"Czerniawski. Polak, który oszukał Hitlera". Historia niezwykłego szpiega

"Czerniawski. Polak, który oszukał Hitlera" to najnowsza książka Andrzeja Brzezieckiego. Jej bohaterem jest Roman Czerniawski, jeden z największych agentów w historii europejskiego wywiadu i człowiek, którego marzeniem było rozegranie "wielkiej gry" o niepodległość Polski i który nigdy nie zapominał, skąd pochodzi i o czyją wolność walczy.

Roman Czerniawski, znany również jako Walenty, Armand, Hubert i Brutus, to jeden z największych agentów w historii europejskiego wywiadu. Innowator, którego generał Władysław Sikorski osobiście odznaczył orderem Virtuti Militari. Człowiek, który rozkazywał Francuzom, wzbudzał podziw Abwehry, pracował dla rządu Jego Królewskiej Mości, oszukał Hitlera, a przede wszystkim służył Polsce.
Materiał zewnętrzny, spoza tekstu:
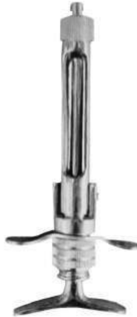
MSI-1743-12 Flat Wing Cartridge Syringe for Anesthesia, folding type. Cylinder without Aspiration Metric / Us Thread - 1.8 CC & 2.2 CC

Na podstawie m.in. niedawno odtajnionych dokumentów z archiwów brytyjskich służb specjalnych, Andrzej Brzeziecki kreśli portret jednego z najbardziej bohaterskich Polaków działających w wywiadzie podczas II wojny światowej. Ten ekscentryczny mężczyzna zaskakiwał największych przywódców europejskich swoim sprytem, pomysłowością i niestandardowymi metodami konspiracyjnymi, a jego życiorys z powodzeniem mógłby posłużyć Ianowi Flemingowi za wzór przy tworzeniu postaci Jamesa Bonda, z którym dzielił także słabość do płci pięknej.

Reklama

Poniżej publikujemy fragment trzymającej w napięciu książki "Czerniawski. Polak, który oszukał Hitlera" autorstwa Andrzeja Brzezieckiego.

Narty w Megeve

W ciągu kilku pierwszych tygodni Czerniawski stanął przed dwoma głównymi problemami: raportów miał dużo, pieniędzy zaś mało. Rozwiązanie obu tych kwestii znajdowało się w Marsylii. Jeszcze w grudniu 1940 roku do Paryża przybył agent Jean, który przywiózł pieniądze, ale też informację od Tudora, że długo oczekiwane pianino, jak nazywano przenośną radiostację, ma przybyć lada moment. Radiostacja pozwoliłaby na przesyłanie raportów znacznie szybciej i wydajniej niż pociągiem. Major Zarembski chciał, by Czerniawski przybył po sprzęt osobiście.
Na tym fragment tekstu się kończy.